Record extracts:
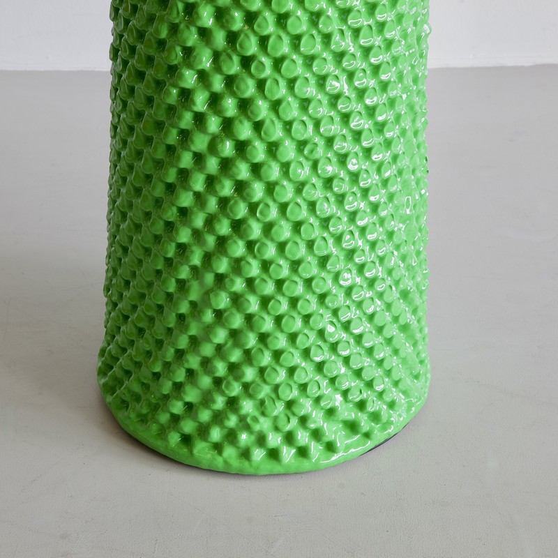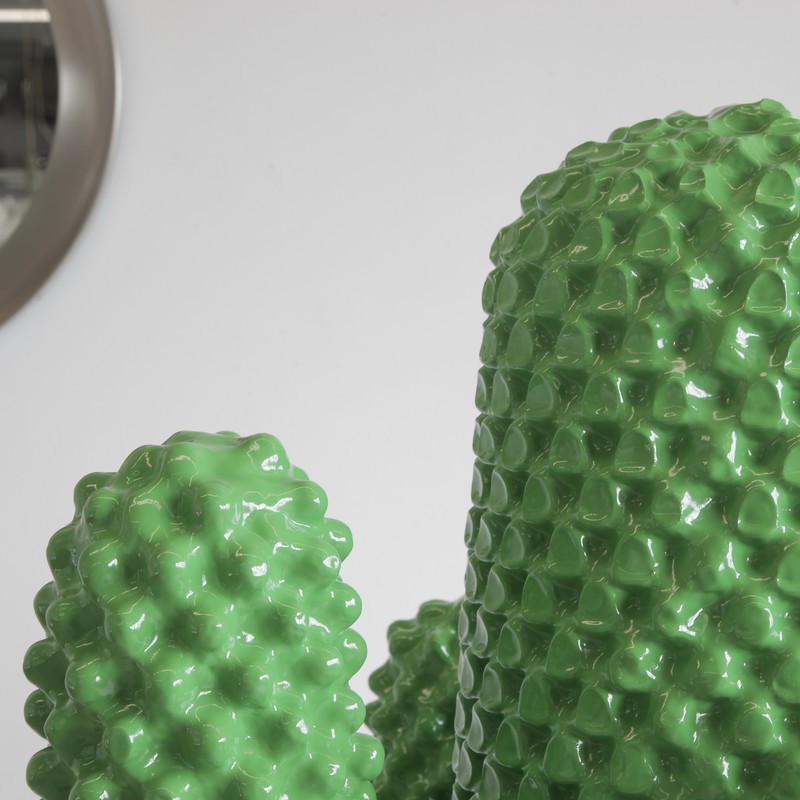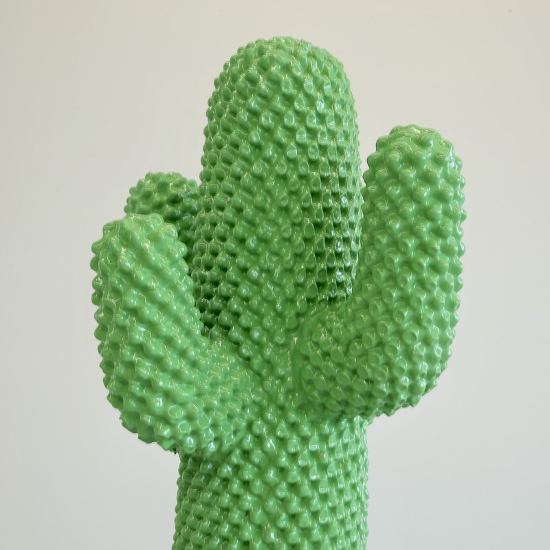 Made from flexible polyurethane foam, the Cactus is soft and without thorns. It has long been a design classic and is shown in the most renowned art and design museums throughout the world. The production is completely hand-made done by Gufram. Each of the 2,165 tips that characterize the surface of the Cactus is manually touched up by skilled workers and later given Guflac, a colour coating patented by Gufram.
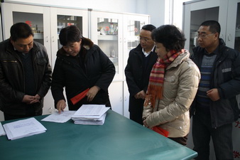 图为市委常委、宣传部长张?在九年制学校查看实验室资料建设
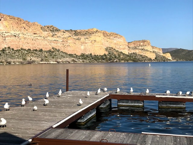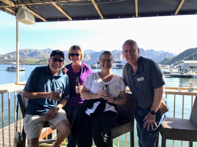 The Saguaro Lake marina has a boat dock that features gift items and, well, beer. The four of us enjoyed a cold one while we waited for the sun to make its way across the sky towards sunset…..
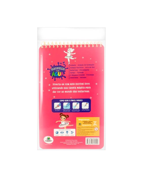 Características:Divirta-se com este incrível livro utilizando sua caneta mágica para dar cor ao mundo das bailarinas.Detalhes:- Marca: Todolivro;- Modelo: Surpresas com Água;- Coleção: Bailarinas;- Referência: 1174665;- Linha: Livros de colorir;- Capa: Capa flexível com laminação fosca;- Quantidade de folhas: 6 folhas- Contém: 1 unidade do produto;- Formato: 14,2 x 24cm;- Faixa etária: A partir de 3 anos;- Acompanha: 1 pincel para água;- Diversos desenhos para colorir e treinar coordenação;- Páginas autosecante;- Pincel reservatório plástico.Como usar o pincel mágico:- Gire a tampa para abrir o pincel;- Mergulhe a abertura na água. Aperte e sorte para encher o pincel;- Tampe o pincel. Para colorir, pressione o pincel levemente nas páginas;- Espere a água secar para colorir novamente.Habilidades Cognitivas:- Coordenação motora, estímulo visual, Desperta a criatividade.Medidas:- Dimensões do produto: 24 x 14,2 x 0,3cm (CxLxA).ATENÇÃO! NÃO RECOMENDÁVEL PARA CRIANÇAS MENORES DE 3 (QUATRO) ANOS POR CONTER PARTE(S) PEQUENA(S) QUE PODE(M) SER ENGOLIDA(S) OU ASPIRADA(S).* As especificações podem ser alteradas sem aviso prévio ** Imagem meramente ilustrativa.
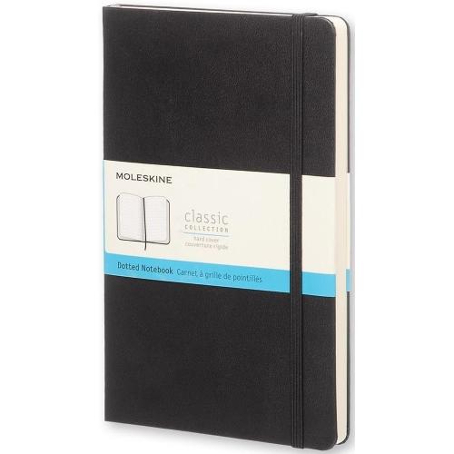 Taccuino Classic con copertina rigida nera · Angoli arrotondati · Chiusura elastica · Carta color avorio Moleskine · Segnalibro dello stesso colore · Carta: 70 g/m2, acid-free, avorio, puntinata · Etichetta \in case of loss\"" stampata nel risguardo · Tasca interna espandibile sulla parte posteriore · Sul B-SIDE della fascetta riutilizzabile sono stampati strumenti aggiuntivi · Apertura totale a 180 gradi · All'interno, tutta la storia Moleskine
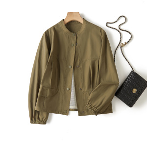 利落干练有型小立领 宽松显瘦落肩袖短款秋季外套夹克小个子
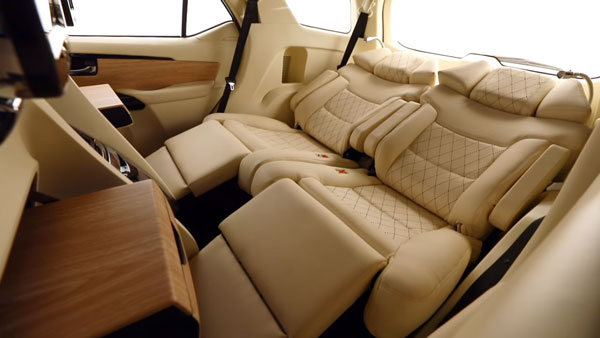 இந்த இருக்கையில் அமரும்போது கூடுதல் லக்சூரி அனுபவத்தை உணர வேண்டும் என்பதற்காக இரு இருக்கைகள் மட்டுமே பின் பக்கத்தில் சேர்க்கப்பட்டுள்ளது. அதாவது, மூன்று வரிசை அமைப்பாக இருந்த டொயோட்டா ஃபார்ச்சூனர் மாடிஃபிகேஷனுக்கு பின்னர் இரு வரிசை இருக்கைகளைக் கொண்ட காராக மாறியிருக்கின்றது. இதனால், பின் புறத்தில் அமர்பவர்களுக்கு கூடுதல் இடவசதி மற்றும் அதிக சொகுசான அனுபவம் கிடைக்கும் வாய்ப்பு அதிகரித்துள்ளது.
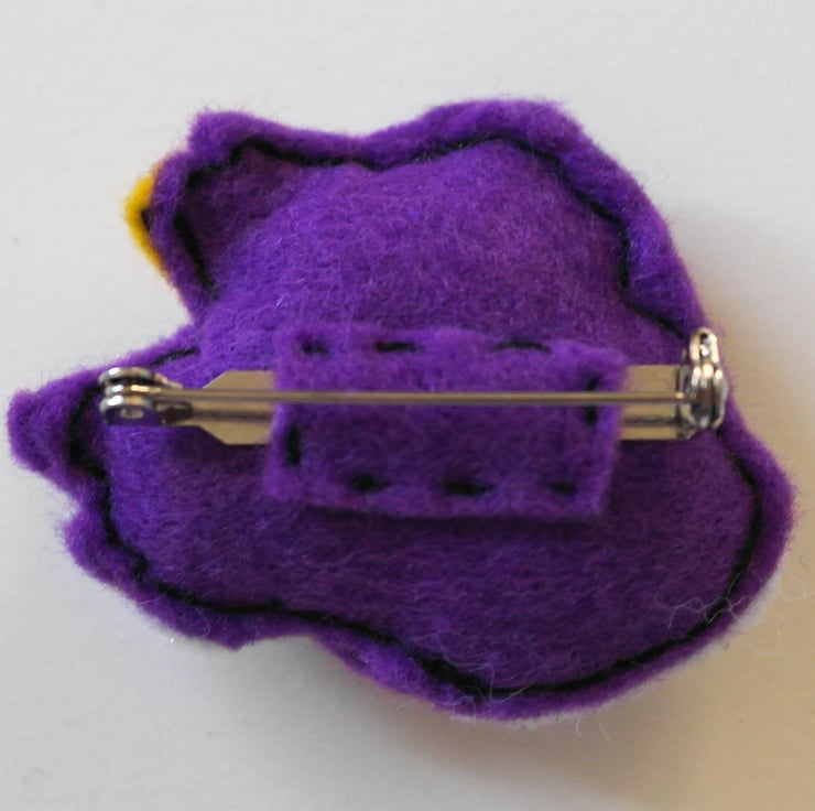 Hand cut, hand sewn using felt materials, with cotton thread and stuffed using polyester stuffing. On the back is attached a sliver colored brooch pin.
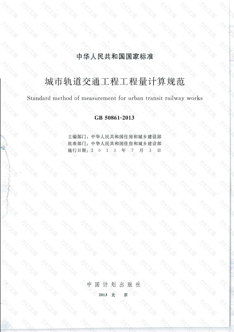 T方中华人民共和国国家标准方城市轨道交通工程工程量计算规范Standard method of measurementfor urban transit railwayworksGB50861-2013主编部门:中华人民共和国住房和城乡建设部批准部门:中华人民共和国住房和城乡建设部施行日期:2013年7月1日方,万中国计划出版社2013京万文方,万中华人民共和国国家标准城市轨道交通工程工程量计算规范GB50861-2013方方订文中国计划出版社出版地址:北京市西城区木辉地北里甲11号国宏大厦C座4层邮致编码:100038电话,(010)63906433(发行部)新华书店北京发行所发行三河富华印刷包装有限公司印刷880mmX×1230mm1/168.5印张250千字2013年4月第1版2013年4月第1次印刷万方统一书号:1580242·008定价:70.00元侵权举报电话:(010)63906404如有印装质量问题,请寄本杜出版部调换中华人民共和国住房和城乡建设部公告第1573号住房城乡建设部关于发布国家标准万文《城市轨道交通工程工程量计算规范》的公告现批准《城市轨道交通工程工程量计算规范》为国家标准,编号为GB508612013,自2013年7月1日起实施。其中,第1.0.3、4.2.1、4.2.2、4.2.3、4.2.4、4.2.5、4.2.6、4.3.1条(款)为强制性条文,必须严格执行。本规范由我部标准定额研究所组织中国计划出版社出版发行。中华人民共和国住房和城乡建设部方2012年12月25日方万文文
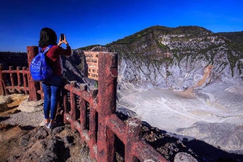 Kawah Putih, còn được biết đến như là miệng núi trắng, được tạo nên sau vụ phun trào của núi Patuha. Làn cát trắng mịn và nước trong veo ở đây, sẽ khiến bạn cảm thấy như vừa bước vào một mảnh đất thần tiên. Màu sắc của nước ở đây sẽ thay đổi tùy theo điều kiện thời tiết trong khu vực với mùi nước giàu lưu huỳnh cay nồng. Mặc dù không thể bơi ở dưới nước của Kawah Putih, đây vẫn là một địa điểm du lịch Bandung đáng để dành thời gian tham quan.
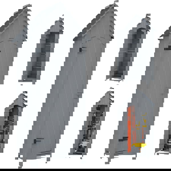 The Outsunny wooden small garden shed is a practical way to keep tools and outdoor equipment neatly organised in one dedicated place. Designed with a multi-storage layout, it combines tiered shelving for smaller items with an open section for taller and bulkier tools, helping you make the most of compact garden space.
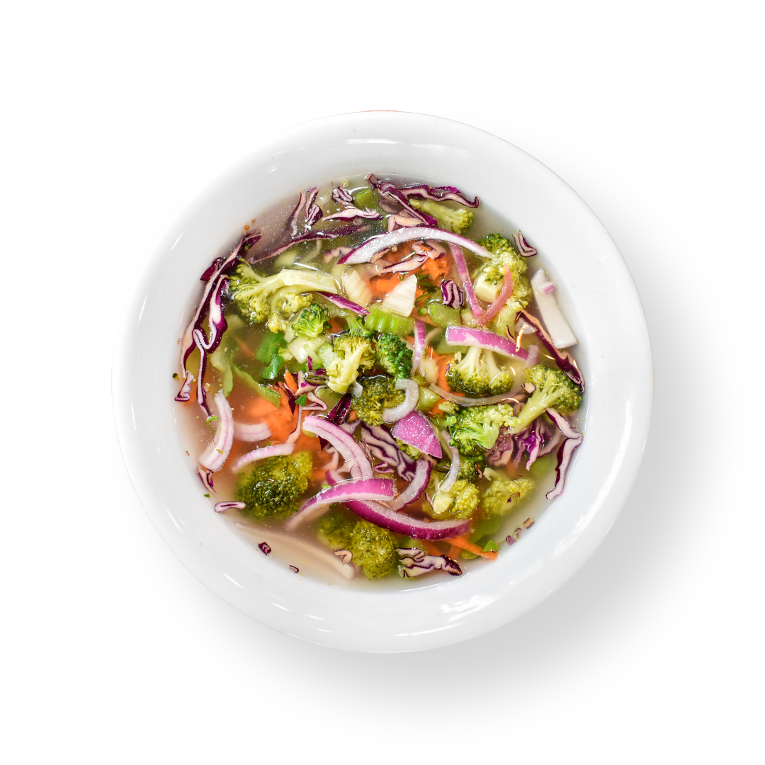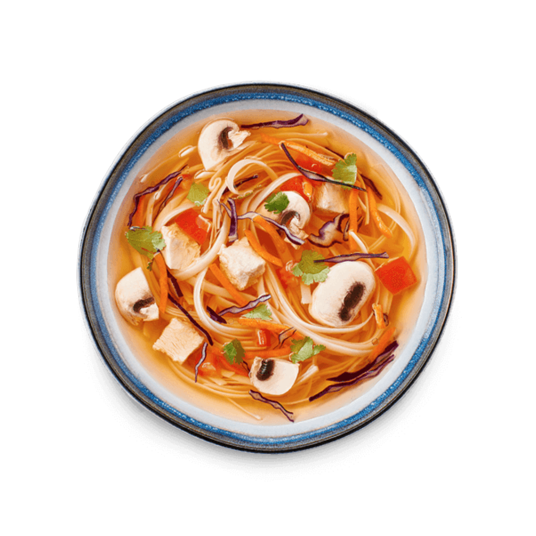 Caldo de limonaria picante, pasta de arroz, zanahoria, tomate, champiñón, cilantro y repollo picante.
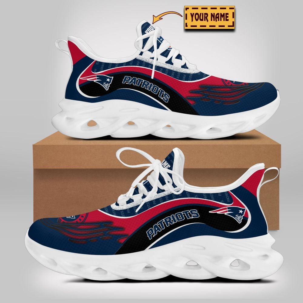 New England Patriots NFL Max Soul Shoes Sneakers Printed White And Black Sole For Men And Women
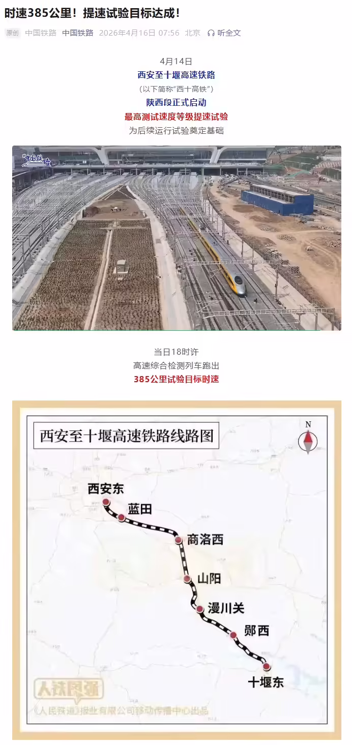 据中国铁路官方,4 月 14 日,西安至十堰高速铁路(以下简称“西十高铁”)陕西段正式启动最高测试速度等级提速试验,为后续运行试验奠定基础。当日 18 时许,高速综合检测列车跑出 385 公里试验目标时速。

Exercise: Copy only the part of the records that runs from the first line to the line with "The Saguaro Lake", ends included, leaving pictures out.

Output for this task:
 Made from flexible polyurethane foam, the Cactus is soft and without thorns. It has long been a design classic and is shown in the most renowned art and design museums throughout the world. The production is completely hand-made done by Gufram. Each of the 2,165 tips that characterize the surface of the Cactus is manually touched up by skilled workers and later given Guflac, a colour coating patented by Gufram.
 图为市委常委、宣传部长张?在九年制学校查看实验室资料建设
 The Saguaro Lake marina has a boat dock that features gift items and, well, beer. The four of us enjoyed a cold one while we waited for the sun to make its way across the sky towards sunset…..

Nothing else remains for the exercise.